A couple hours later, sync still proceeding, I went to bed.

And woke the next morning to find the unit again fallen off the network.

Buried in the log messages – which I’d left scrolling past over night – was a warning that disk 2 was reporting SMART warnings about having to relocate failing sectors.

In other words, one disk of the three was being rebuilt while another one was busy dying.

At this point it became a race – would the rebuild complete (leaving me with two good disks, and intact data) before the failing one died completely.

In order to try to buy some insurance, I shut down the NAS, transplanted the failing drive into a spare PC, and started a disk-to-disk copy of it’s data onto the working 500GB disk I had removed at the start of this mounting disaster.

Despite valiant attempts by both dd_rescue and myrescue, the disk was dying faster than data could be retrieved, and after a day and a half of effort, I had to face the fact that I wasn’t going to be able to save it.

Fortunately, I had setup off-site backups using CrashPlan, so I had Vince bring my backup drive to work, and retrieved it from him on Friday.

Saturday was spent restoring our photos, music, and email (more later) from the backup.

Unfortunately, despite claiming to have been backing up Dawnises inbox, it was nowhere to be found in the CrashPlan backup set, and the most recent “hand-made” backup I found was almost exactly a year old (from her PC to Mac conversion). Losing a year of email is better than losing everything, but that seems like meager consolation under the circumstances.

By Saturday night I had things mostly back to rights, and had a chance to reflect on what had gone wrong.

The highlights:

1. SMART, as google discovered (and published) is a terrible predictor of failure. The drive that failed (and is being RMAd under warranty, for all the good it’ll do me) had never issued a SMART error before catastrophically failing.

2. In retrospect, I should have rebooted the NAS and done a full volume scan before starting the upgrade. That might have put enough load on the failing drive to make it show itself before I had made the critical and irreversible decision to remove a drive from the array.

3. By failing to provide disk scrubbing (a process whereby the system periodically touches every bit of every hard disk) the ReadyNAS fails to detect failing drives early.

4. While I had done test restores during my evaluation of CrashPlan, I had never actually done a test restore to Dawnise’s Mac. Had I done so, I might have discovered the missing files and been able to avoid losing data.

I have a support ticket opened with the CrashPlan folks, as it seems there’s a bug of some kind here. At the very least, I would have expected a warning from CrashPlan that it was unable to backup all the files in it’s backup set.

5. In my effort to be frugal, I bought a 500GB external drive to use as my remote backup destination – the sweet spot in the capacity/cost curve at the time.

Since I had more than 500GB of data, that meant I had to pick and choose what data I did and didn’t backup. My choices were ok, but not perfect. There’s some data lost which should have been in the backup set, but wasn’t due to space limitations.

6. CrashPlan worked well – but not flawlessly – and without it, I’d have been in a world of hurt. Having an off-site backup means that I didn’t lose my 20GB worth of digital photos, or several hundred GB of ripped music.

Aside from digital purchases, the bulk of the music would have been recoverable from the source CDs, but at great time expense. The photos would have just been lost.

7. In this case, the off-site aspect of CrashPlan wasn’t critical, but it’s easy to imagine a scenario where it would have been.
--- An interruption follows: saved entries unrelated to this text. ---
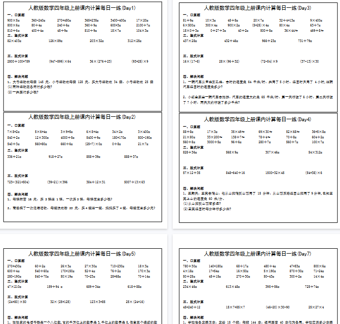 | 🚩【拿走即用】人教版四年级上册数学计算提分神器 → 一键下载完整46页高清版,打印即练!稳拿计算分,期末冲高分! | |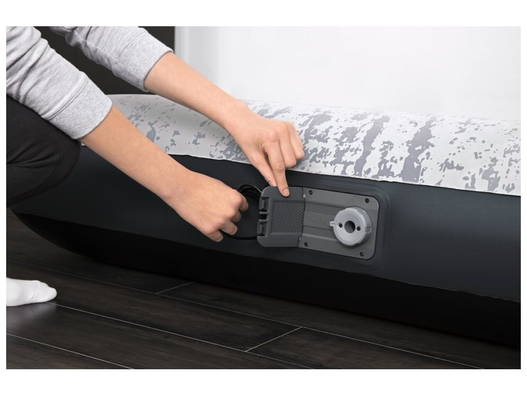 Vestavěné čerpadlo s panelem bude také regulovat množství vzduchu v matraci až na 7 nocí, čímž zabrání vyfouknutí vzduchu.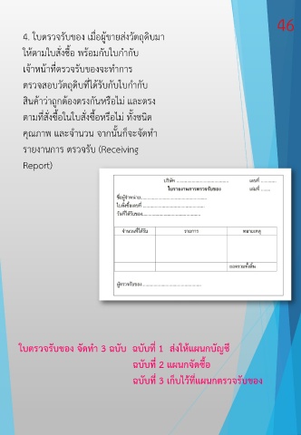 ใบตรวจรับของ จัดท ำ 3 ฉบับ ฉบับที่ 1 ส่งให้แผนกบัญชี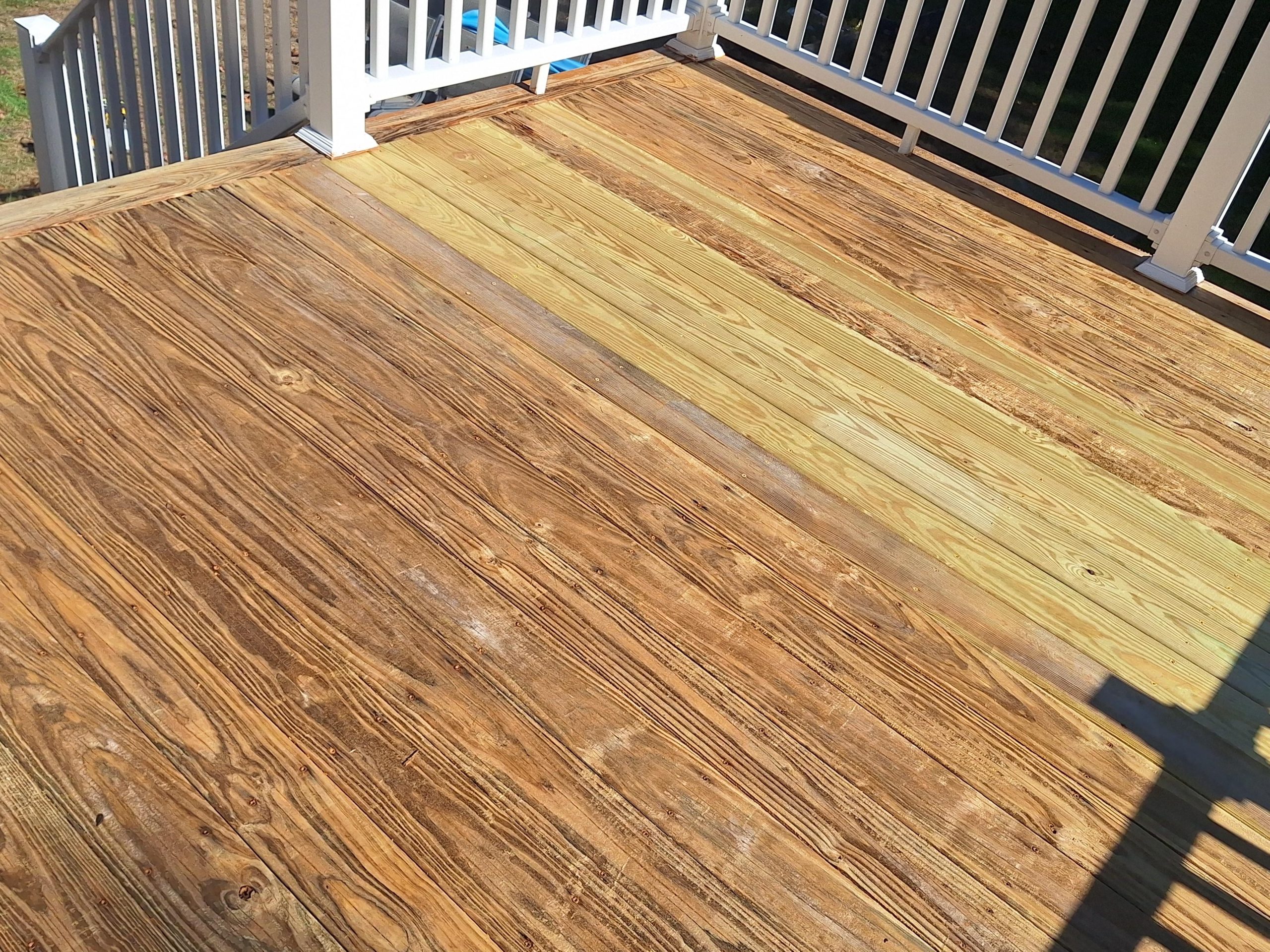Bought this product this weekend! Totally useless! It didn’t change anything and didn’t remove a part of the old painting! We should of follow of first idea to either sand or buy new deck wood! Waste of time, water and money!
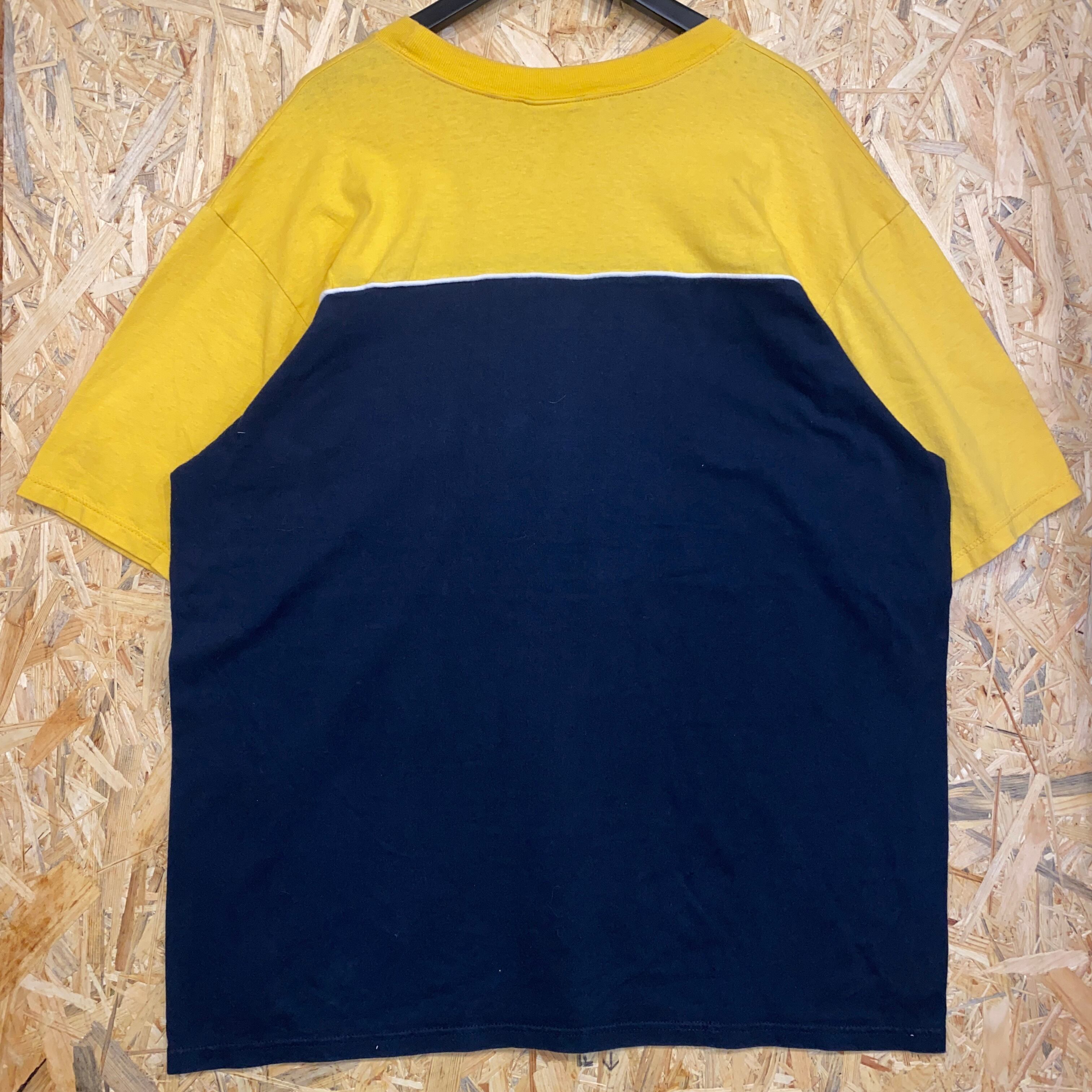 1894 90s〜 90年代〜 USA製 DECIBELL プリント Tシャツ ツートンカラー 龍 ドラゴン 松林流 イエロー 黄色 ブラック 黒 古着 メンズ vintage 2XL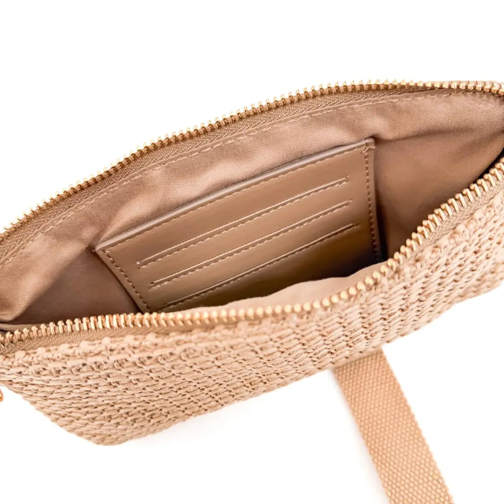 This must have raffia accessory can be styled as a clutch, a wristlet, or used as a wallet inside your favorite bag.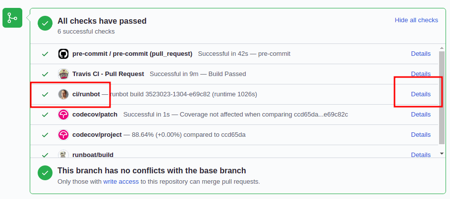 Otro de los posibles estados de Runbot es disponible. Es identificable mediante una "V" de color verde. Esto indica que se puede hacer uso de Runbot para probar el PR. Para ello es necesario seleccionar la opción Details situada a la derecha de la línea.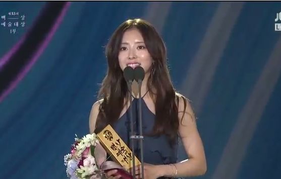 TV 여자신인연기상 후보에는 '미녀 공심이'의 민아, '달의 연인-보보경심 려'의 강한나, '굿 와이프'의 나나, '월계수 양복점 신사들'의 이세영, '마스터-국수의 신'의 공승연이 경합했다.
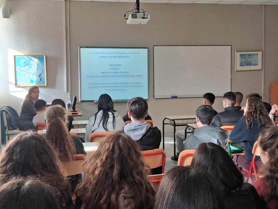 Τη Δευτέρα 1 Δεκεμβρίου 2025, η κ. Κληματσούδα Μαρία, επιμελήτρια Β΄ και μαιευτήρας-γυναικολόγος του Πανεπιστημιακού Νοσοκομείου Θεσσαλίας, επισκέφθηκε το 12ο ΓΕΛ Λάρισας και πραγματοποίησε μια ιδιαίτερα ενδιαφέρουσα και κατατοπιστική παρουσίαση προς τους μαθητές των Α’και Β΄ τάξεων με θέμα: «Σεξουαλικώς Μεταδιδόμενες Λοιμώξεις».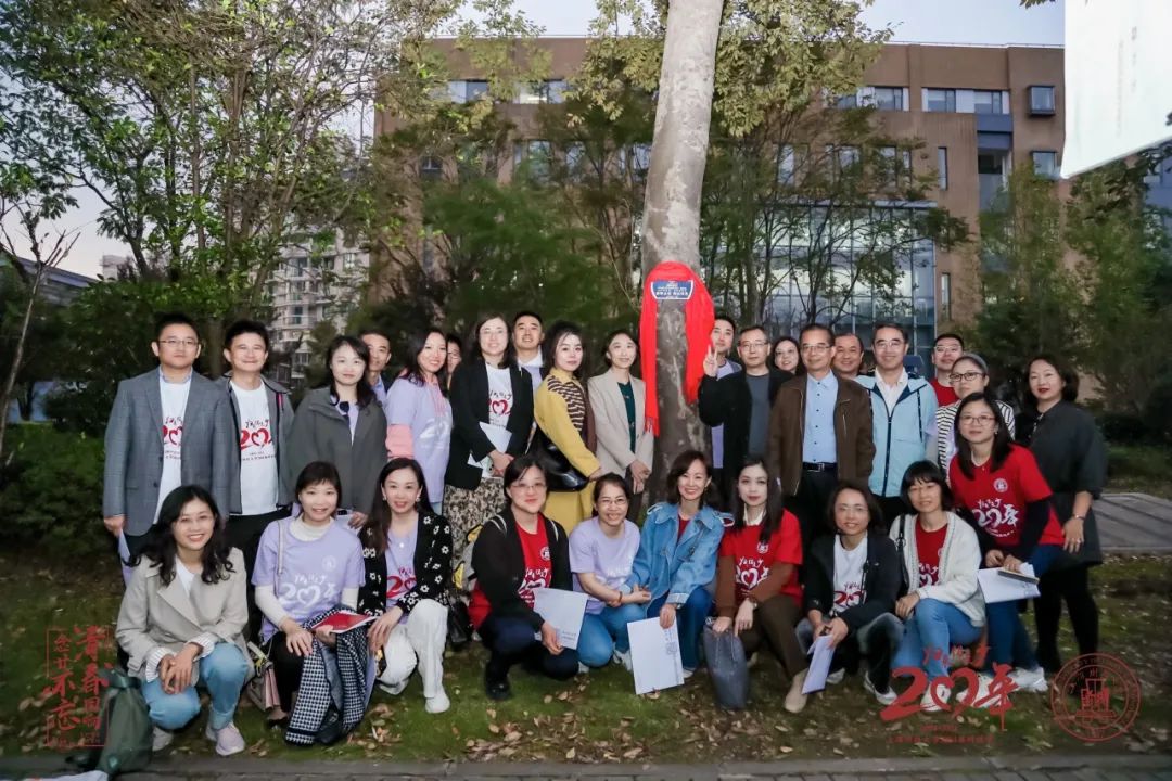 座谈会结束后,00级校友于凤凰楼前举行了班级树木认养集体捐赠仪式。财政班、税收班、资评班和公管班集体认捐了一颗茁壮成长的班树,包含校友希望母校随着树木的茁壮成长能够培育出更多社会栋梁的美好希冀。秦文佳书记代表学院与时任教师、校友们一同揭牌见证美好时刻。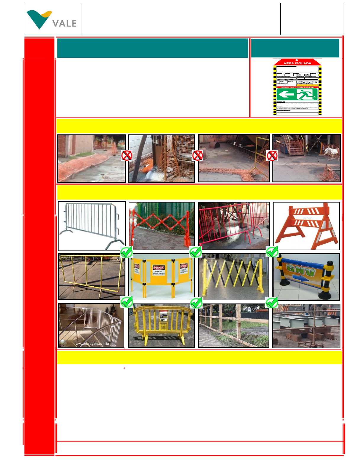 ALERTA DE SEGURANÇA 2019 A LE R TA D E SE G U R A N Ç A Gerência de Segurança do Trabalho – Diretoria de Pelotização Isolamento: Ato de delimitar determinada área ou equipamento mediante anteparo apropriado com a finalidade de impedir que terceiros acessem a área de risco; Dispositivo de isolamento: Acessório utilizado como anteparo para impedir o acesso a uma área ou um determinado equipamento; Recomendações: Toda barreira física deve estar identificada com a placa de sinalização padrão; As barreiras devem estar firmes e conectadas, afim de evitar sua queda com facilidade; Após a atividade ou não existência de riscos para terceiros, a barreira física deve ser retirada; Antes de instalar o isolamento, deve-se avaliar a possibilidade de permitir a passagem de veículos, pessoas e equipamentos de forma segura; A Fita zebrada (usada pelo Bombeiro e Patrimonial) e o Cerquite só devem ser utilizados de forma provisória e ou em casos de emergência; Isolamento de situações com risco de queda de altura, deve ser instalado barreira física, com capacidade suficiente para evitar queda de pessoas. BARREIRA FÍSICA PARA ISOLAMENTO DE ÁREA Porque o cerquite não deve ser utilizado para isolamento de área Modelo de barreiras físicas que devem ser utilizadas PLACA DE ISOLAMENTO PRO - 6218

8. The belief that RAID improves your chances of retaining data is built largely on what I’m going to refer henceforth to as “The RAID fallacy” – that failure modes of the drives in the array are completely independent events. The reality is that many (most?) RAID arrays are populated with near-identical drives. Same manufacturer, same capacity (and model) , and often the same or very similar vintage. So the drives age together under similar work loads, and any inherent defect (like, say, a firmware bug that causes the drives not to POST reliably) is likely to affect multiple drives, which spells disaster for the volume.